For the first equation y"' – 2y" – 5y' + 6y = e^x + x^2, we assume a particular solution of the form y_p = Ae^x + Bx^2 + Cx + D. Taking the first, second and third derivatives, we get:

y_p' = Ae^x + 2Bx + C

y_p'' = Ae^x + 2B

y_p''' = Ae^x

Substituting these back into the original equation, we get:

Ae^x - 4Be^x - 5Ae^x - 10Bx - 5C + 6Ae^x + 6Bx^2 + 6Cx + 6D = e^x + x^2

Simplifying and comparing coefficients, we get:

A - 5A + 6A = 1, which gives A = 1

-4B + 2B + 6B = 0, which gives B = 0

-5A - 5C + 6C = 0, which gives C = 5/2

6D = 0, which gives D = 0

Therefore, the particular solution is y_p = e^x + (5/2)x.

For the second equation y"' + y" – 5y' + 3y = e^-x +sinx, we assume a particular solution of the form y_p = Ae^-x + Bsinx + Ccosx + Dx + E. Taking the first, second and third derivatives, we get:

y_p' = -Ae^-x + Bcosx - Csinx + D

y_p'' = Ae^-x - Bsinx - Ccosx

y_p''' = -Ae^-x - Bcosx + Csinx

Substituting these back into the original equation, we get:

-Ae^-x - Bcosx + Csinx - Ae^-x + Bsinx + Ccosx - 5(-Ae^-x + Bcosx - Csinx) + 3(Ae^-x - Bsinx - Ccosx) = e^-x + sinx

Simplifying and comparing coefficients, we get:

-2A - 4B + 4C = 1, which gives A = -1/2, B = 0 and C = 1/4

-2B - 2C + 5A + 3B - 3C = 0, which gives A = -1/2

-2C - 5A + 3C = 0, which gives C = 5/14

D = 0

E = 0

Therefore, the particular solution is y_p = (-1/2)e^-x + (5/14)cosx.

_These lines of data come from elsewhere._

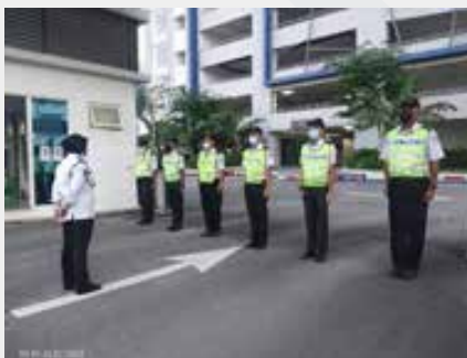
Roll Call At The Site
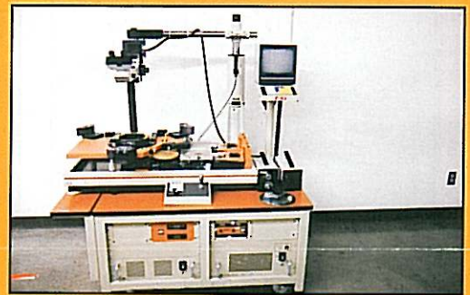
Numerous ELECTROGLAS 2001X Probers with vision systems, hot chucks and auto. load cassette to cassette
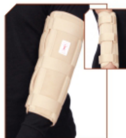
Arm Immobilizer Product Code : AI01

For the third equation y''' + 3y" – 4y = e^-2x, we assume a particular solution of the form y_p = Ae^-2x. Taking the first, second and third derivatives, we get:

y_p' = -2Ae^-2x

y_p'' = 4Ae^-2x

y_p''' = -8Ae^-2x

Substituting these back into the original equation, we get:

-8Ae^-2x + 12Ae^-2x - 4Ae^-2x = e^-2x

Simplifying and comparing coefficients, we get:

A = 1/12

Therefore, the particular solution is y_p = (1/12)e^-2x.

Hence, the general solution for the differential equation y''' + 3y" – 4y = e^-2x is given by:

y = y_h + y_p,

where y_h is the homogeneous solution and y_p is the particular solution.

The homogeneous solution is obtained by assuming y_h = e^mx and solving the characteristic equation:

m^3 + 3m^2 - 4m = 0.

Factoring out m, we get:

m(m^2 + 3m - 4) = 0.

Solving for the roots of the quadratic factor, we get:

m = 1, -4, or 0.

Therefore, the homogeneous solution is:

y_h = c1e^x + c2e^-4x + c3,

where c1, c2 and c3 are constants determined by the initial or boundary conditions.

Hence, the general solution for the given differential equation is:

y = c1e^x + c2e^-4x + c3 + (1/12)e^-2x + y_p(x),

where y_p(x) is the particular solution determined using the method of undetermined coefficients.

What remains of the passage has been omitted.